── Data excerpt
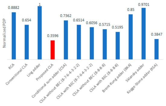 Besides the individual considerations of delay and power, it is important to analyze the performance of adders from an energy perspective, which is given by the product of total power and the critical path delay. This is because an evaluation of energy gives information about any trade-off between power and delay in a digital circuit []. Since power and delay are preferred to be less, therefore, the product of power and delay (PDP) is preferred to be less. In other words, the lesser the PDP, the more energy-efficient is a design. PDP was calculated for all the adders and those values were then normalized. To perform the normalization, the highest PDP value (corresponding to the Ling adder) was used to divide the actual PDP of all the adders. The normalized PDP plots of the adders are shown in Figure 6 with the optimum plot shown in red. An adder with a lesser normalized PDP value is preferable. Given this, the Ling adder is found to be less energy-efficient compared to the other adders. From Figure 6, it is seen that the proposed CLA has an optimized normalized PDP compared to its counterparts, which implies the proposed CLA is more energy-efficient. Compared to the conventional CLA, the proposed CLA is 45% more energy-efficient. The KSA consumes 7% more energy than the proposed CLA, although it is faster, and this is due to its increased power dissipation in comparison on account of its greater area occupancy. Hence, from Table 1 and Figure 6, it may be concluded that the proposed CLA offers a good trade-off between speed, power, and area compared to its counterparts.
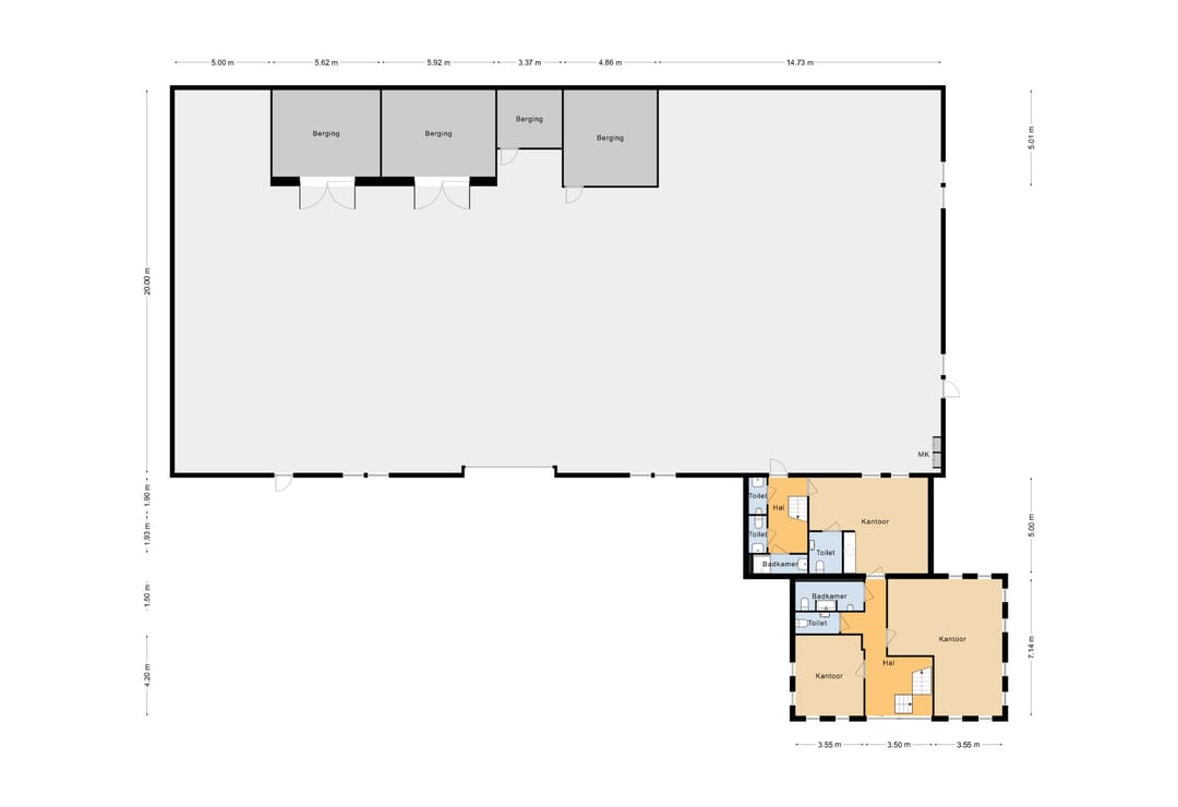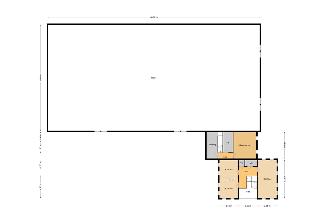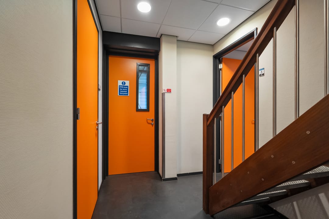 Kantinefaciliteit werkplaatskantoor, technische ruimte, kantoren, toiletgroepen, receptie, douchegelegenheid.
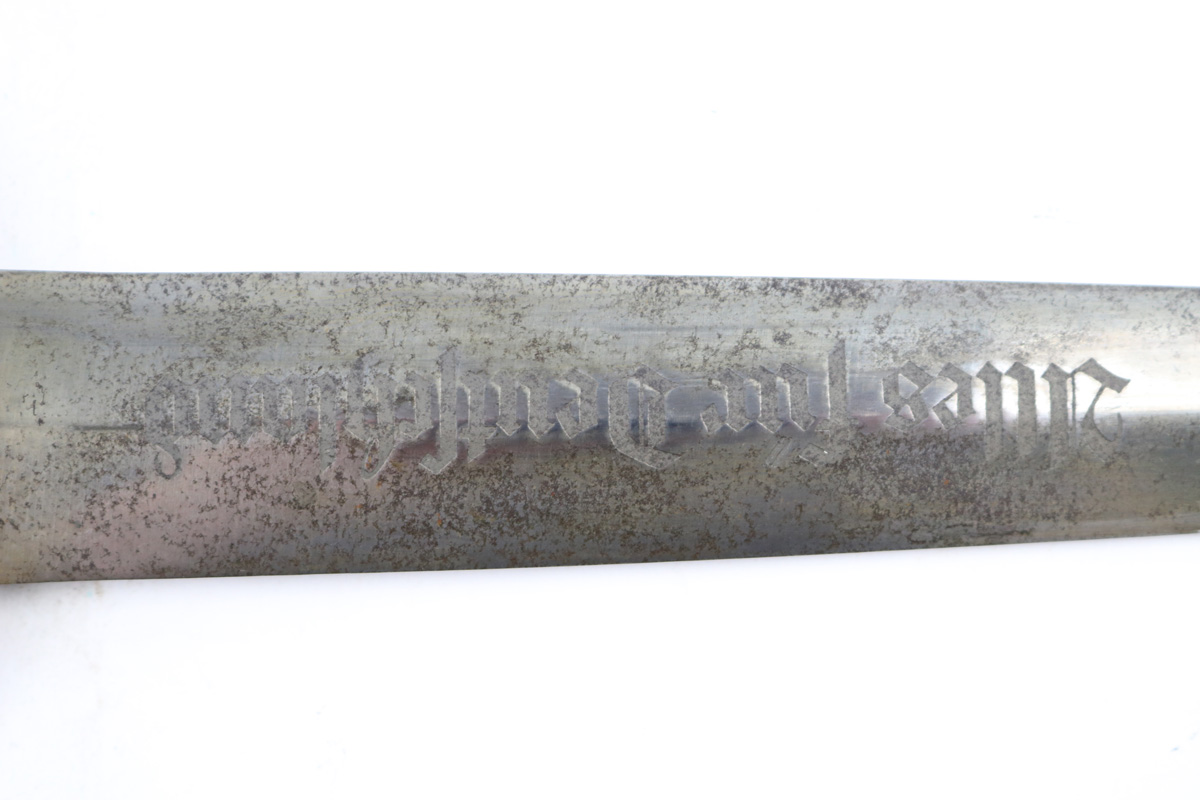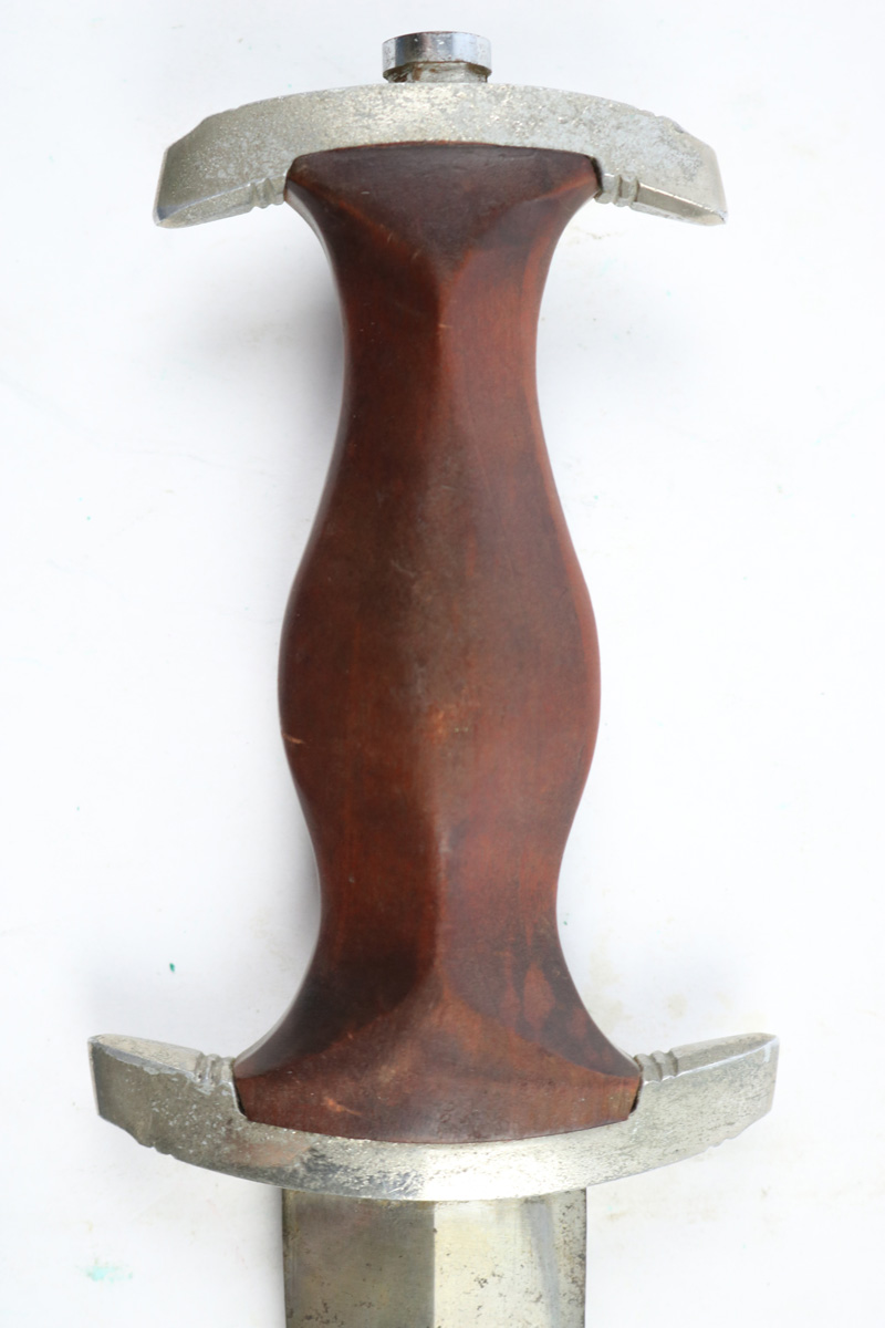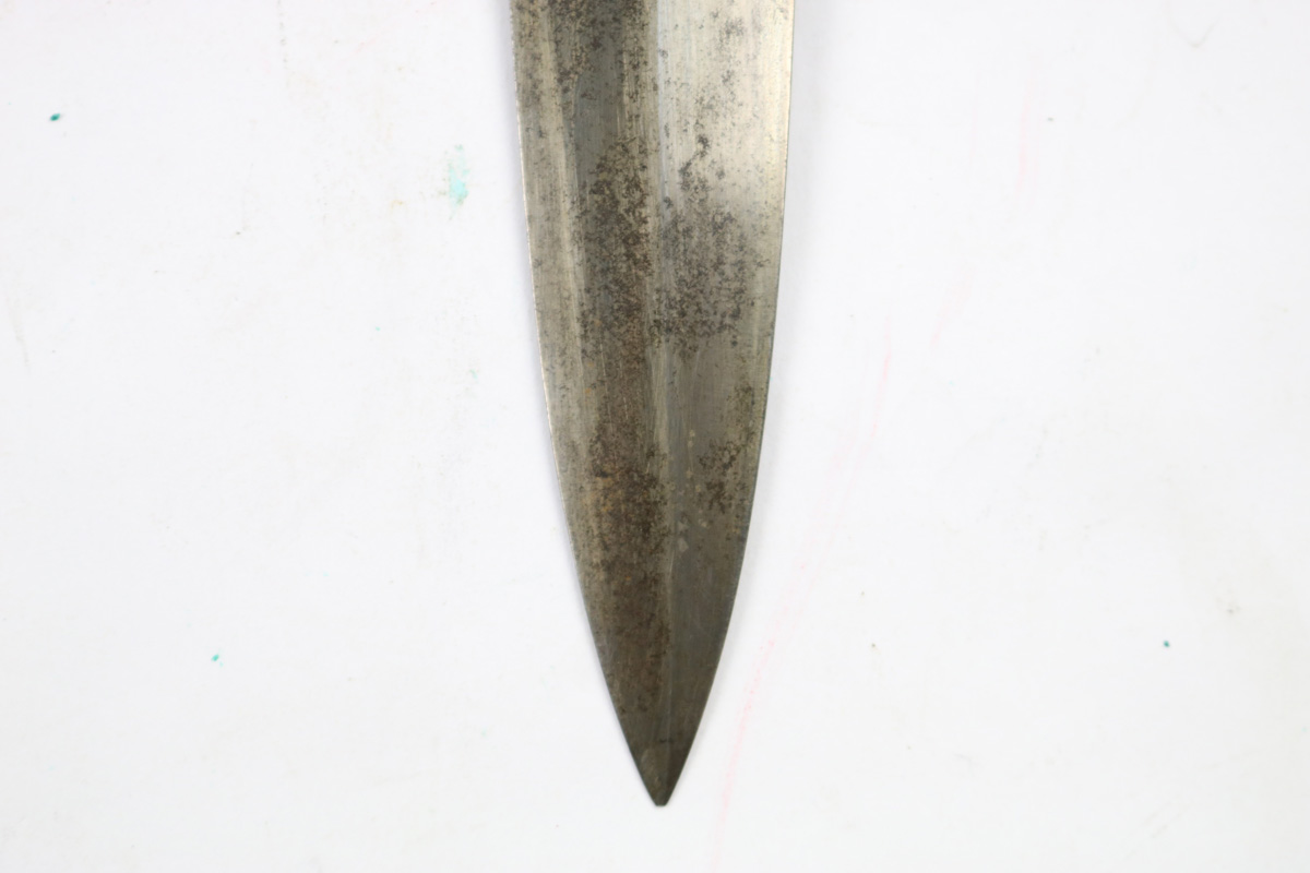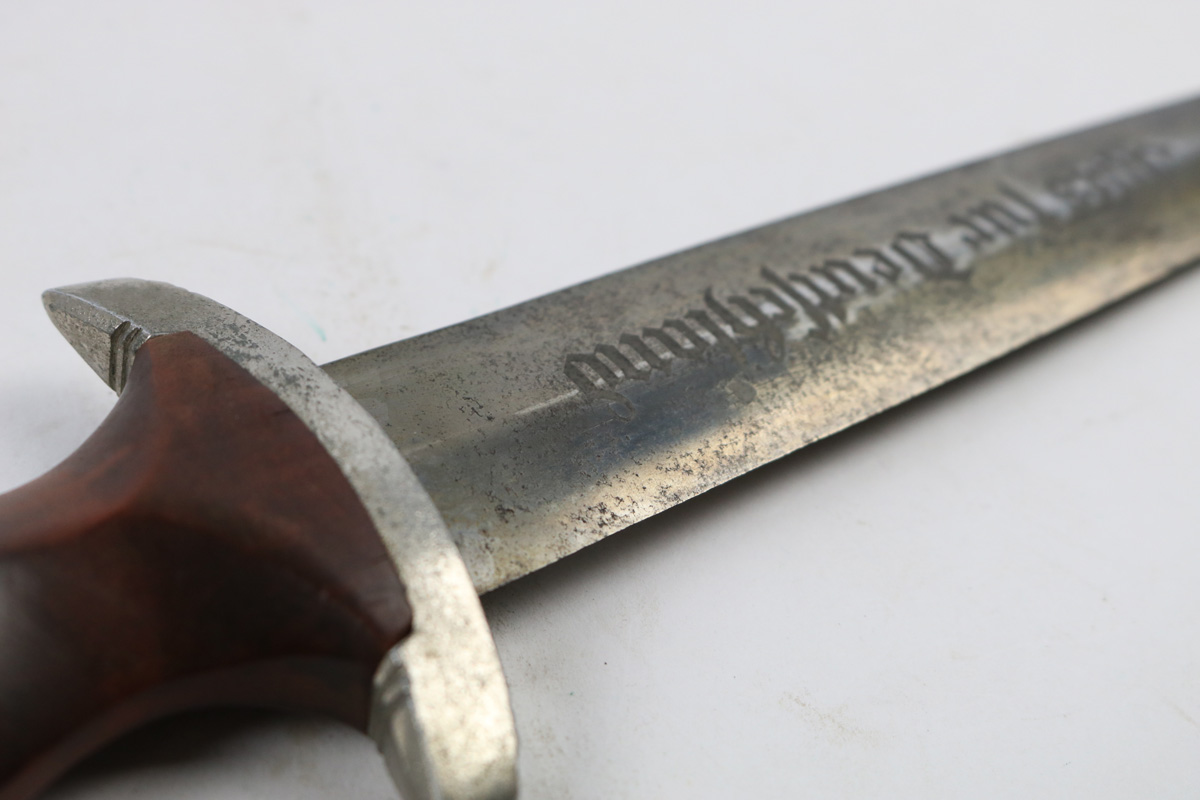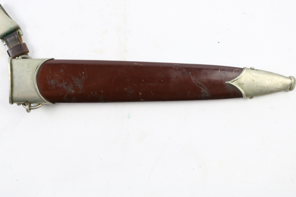 6/2/18 – This is an early, pre WW2 production nazi RZM SA Dagger. The dagger is worn, but early and all original. One can tell by observing the maker stamp on the blade that this was one of the early production RZM SA daggers. The blade has early font and M7/13 maker code (Arthur Schuttelhofer & Co., Solingen-Wald). This code was granted in 1938 and the lower code number means this was one of the first producers for the nazi political party. The blade condition is worn with dark spotty patina on each side. The nickle fittings have oxidation throughout, but no rust is present. The wood handle is in excellent condition. The scabbard has some wear on the brown painted area and some spots of paint have been scratched/chipped off. The nickle point to the scabbard has a dent and is slightly bent upwards. The leather hanger and clip are unmarked but show signs of aging and use. Guaranteed original and authentic.
────
A verbatim copy of the listing, with all pictures removed, is required.

 Besides the individual considerations of delay and power, it is important to analyze the performance of adders from an energy perspective, which is given by the product of total power and the critical path delay. This is because an evaluation of energy gives information about any trade-off between power and delay in a digital circuit []. Since power and delay are preferred to be less, therefore, the product of power and delay (PDP) is preferred to be less. In other words, the lesser the PDP, the more energy-efficient is a design. PDP was calculated for all the adders and those values were then normalized. To perform the normalization, the highest PDP value (corresponding to the Ling adder) was used to divide the actual PDP of all the adders. The normalized PDP plots of the adders are shown in Figure 6 with the optimum plot shown in red. An adder with a lesser normalized PDP value is preferable. Given this, the Ling adder is found to be less energy-efficient compared to the other adders. From Figure 6, it is seen that the proposed CLA has an optimized normalized PDP compared to its counterparts, which implies the proposed CLA is more energy-efficient. Compared to the conventional CLA, the proposed CLA is 45% more energy-efficient. The KSA consumes 7% more energy than the proposed CLA, although it is faster, and this is due to its increased power dissipation in comparison on account of its greater area occupancy. Hence, from Table 1 and Figure 6, it may be concluded that the proposed CLA offers a good trade-off between speed, power, and area compared to its counterparts.
 Kantinefaciliteit werkplaatskantoor, technische ruimte, kantoren, toiletgroepen, receptie, douchegelegenheid.
 6/2/18 – This is an early, pre WW2 production nazi RZM SA Dagger. The dagger is worn, but early and all original. One can tell by observing the maker stamp on the blade that this was one of the early production RZM SA daggers. The blade has early font and M7/13 maker code (Arthur Schuttelhofer & Co., Solingen-Wald). This code was granted in 1938 and the lower code number means this was one of the first producers for the nazi political party. The blade condition is worn with dark spotty patina on each side. The nickle fittings have oxidation throughout, but no rust is present. The wood handle is in excellent condition. The scabbard has some wear on the brown painted area and some spots of paint have been scratched/chipped off. The nickle point to the scabbard has a dent and is slightly bent upwards. The leather hanger and clip are unmarked but show signs of aging and use. Guaranteed original and authentic.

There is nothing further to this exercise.